Have you ever heard the expression "great bodies are made in the kitchen, not the gym"? There's definitely an element of truth to this, because no matter how hard you work out, it takes a good diet to uncover those toned muscles and give you the silhouette you're after. Here at Health & Fitness Together, we teach our clients how to follow a "low GL" diet. When combined with the right exercise programme, it gets amazing results every single time.
What Is a Low GL Diet, and How Does It Work?
"GL" stands for glycemic load, which is simply a measurement of how a particular food or meal will impact your blood sugar levels. It's based on the amount of carbohydrates (sugar and starch) in foods, and how they impact the body. When you consume carbohydrates, they are digested and broken down into glucose. This makes its way into your blood stream to be used as energy. Any excess glucose you don't burn off through normal bodily functions or exercise is then stored away as fat.
High GL foods will have a greater effect on your blood sugar, because they release more glucose. This is fine if you're about to work out or you have a very physically demanding job.

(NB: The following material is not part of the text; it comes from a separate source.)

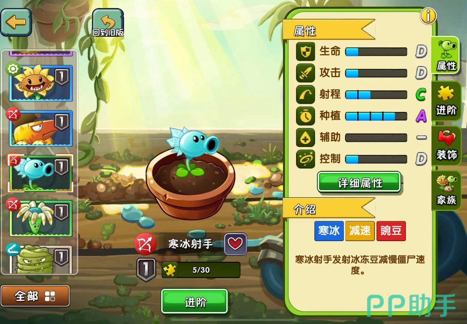 玩家在游戏中要时刻关注活动通知和经验的提升,游戏经验提升以后不要忘记及时的升级植物,初阶的植物只能应对低阶僵尸,要想取得游戏的长期胜利,必须进阶植物,建立一个强大的植物攻击团。

But for the vast majority of people, it's better to focus on eating low GL foods and keeping your blood sugar levels balanced. The average Western diet contains far too many high GL foods, which has led to an epidemic of weight gain and medical issues like diabetes. So we teach our clients how to follow a low GL diet and maintain balanced blood sugar levels, which makes for better health and more effective weight loss.
How to Do It
So now that you know what a low GL diet is all about, here are a few ways to reduce the glycemic load of the meals you eat:
- When it comes to starchy foods like bread, pasta, rice and potatoes, keep your portion sizes small.
- Instead, opt for more low GL fruit and veggies with your meals. Cook the veggies for the minimum amount of time, or as close to raw as possible for the dish you're preparing.
- Pulses and legumes have a low glycemic load and plenty of fibre, so include peas, beans and lentils in place of rice or pasta.
- Make sure to include a healthy source of protein such as lean meat, fish, poultry, eggs or low-fat dairy with every meal.
- You can further reduce the glycemic load of your meals by adding acidic condiments like vinegar, lemon juice or pickles, or by adding a small amount of healthy fat like olive oil, parmesan cheese or low-fat cream.
- Choose healthy snacks like nuts, seeds, dried fruit or a little dark chocolate rather than sweets, crisps, cakes and biscuits made from sugar and refined flour. Try to pair carbohydrates with some protein whenever possible (e.g. have a few almonds with your apple rather than just eating the fruit by itself).